▸ WHAT THIS TASK INVOLVES: From the data below, copy exactly the lines that lie between the one holding "B Aを端からくるくる巻き、楊子で3ヶ所位止める。" and the one holding "Lindos pendientes de", including both, and nothing more.

▸ STORED DATA:
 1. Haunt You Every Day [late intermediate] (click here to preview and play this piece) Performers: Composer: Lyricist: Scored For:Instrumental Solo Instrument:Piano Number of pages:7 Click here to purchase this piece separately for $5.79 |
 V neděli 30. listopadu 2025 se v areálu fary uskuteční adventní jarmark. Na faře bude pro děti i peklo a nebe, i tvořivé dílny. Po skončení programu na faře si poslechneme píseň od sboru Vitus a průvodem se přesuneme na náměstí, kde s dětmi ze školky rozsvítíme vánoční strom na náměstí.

...

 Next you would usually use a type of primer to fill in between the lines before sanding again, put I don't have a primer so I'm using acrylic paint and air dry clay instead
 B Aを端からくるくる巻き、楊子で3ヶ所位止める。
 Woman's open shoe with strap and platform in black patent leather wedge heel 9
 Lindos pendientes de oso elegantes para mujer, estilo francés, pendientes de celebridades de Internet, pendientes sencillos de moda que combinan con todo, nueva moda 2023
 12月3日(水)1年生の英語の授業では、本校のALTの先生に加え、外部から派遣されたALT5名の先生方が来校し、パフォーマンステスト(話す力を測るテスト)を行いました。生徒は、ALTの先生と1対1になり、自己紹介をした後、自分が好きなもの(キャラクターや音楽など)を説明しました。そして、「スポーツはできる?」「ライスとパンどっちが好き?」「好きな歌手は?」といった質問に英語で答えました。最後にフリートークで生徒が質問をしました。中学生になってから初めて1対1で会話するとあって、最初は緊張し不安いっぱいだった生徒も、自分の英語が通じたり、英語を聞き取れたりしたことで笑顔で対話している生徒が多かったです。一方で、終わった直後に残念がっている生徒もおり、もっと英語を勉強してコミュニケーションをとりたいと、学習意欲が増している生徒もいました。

--

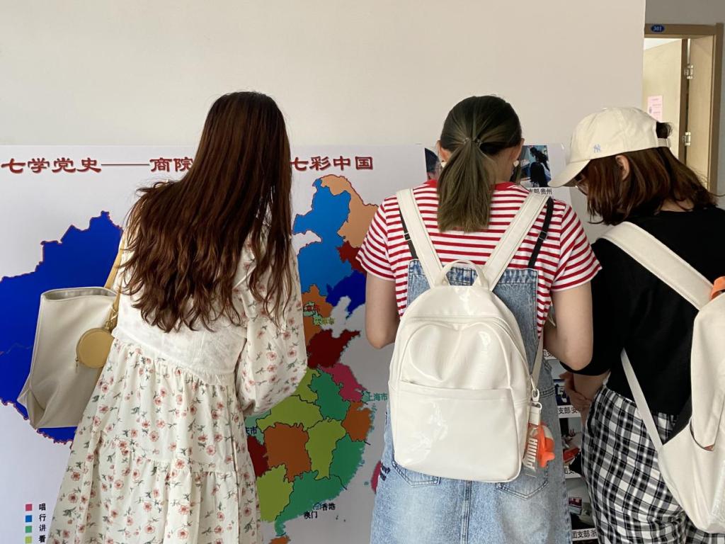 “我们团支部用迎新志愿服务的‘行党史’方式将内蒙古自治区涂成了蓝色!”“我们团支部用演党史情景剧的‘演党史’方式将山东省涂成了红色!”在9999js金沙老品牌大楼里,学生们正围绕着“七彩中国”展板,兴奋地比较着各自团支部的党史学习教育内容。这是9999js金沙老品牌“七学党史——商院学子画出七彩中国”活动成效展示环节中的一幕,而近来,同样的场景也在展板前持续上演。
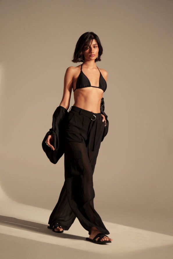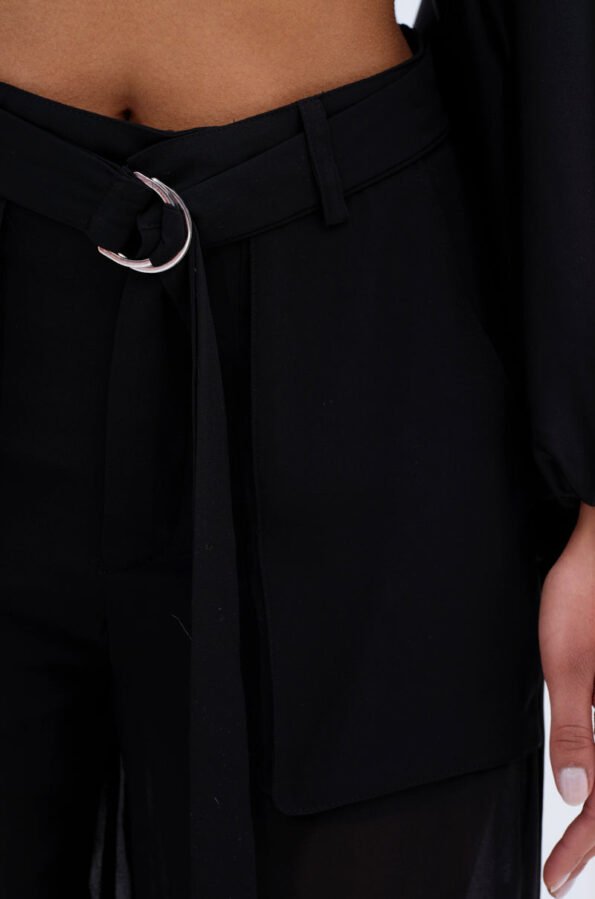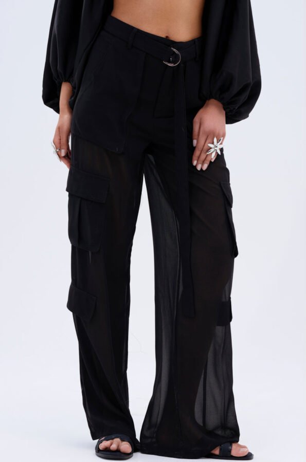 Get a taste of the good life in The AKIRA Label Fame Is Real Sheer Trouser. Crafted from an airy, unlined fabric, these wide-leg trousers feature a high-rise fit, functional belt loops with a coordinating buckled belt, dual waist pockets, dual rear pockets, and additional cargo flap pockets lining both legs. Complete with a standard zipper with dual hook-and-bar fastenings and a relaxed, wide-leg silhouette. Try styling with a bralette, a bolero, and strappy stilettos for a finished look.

▸ RESPONSE FOR THIS EXERCISE:
 B Aを端からくるくる巻き、楊子で3ヶ所位止める。
 Woman's open shoe with strap and platform in black patent leather wedge heel 9
 Lindos pendientes de oso elegantes para mujer, estilo francés, pendientes de celebridades de Internet, pendientes sencillos de moda que combinan con todo, nueva moda 2023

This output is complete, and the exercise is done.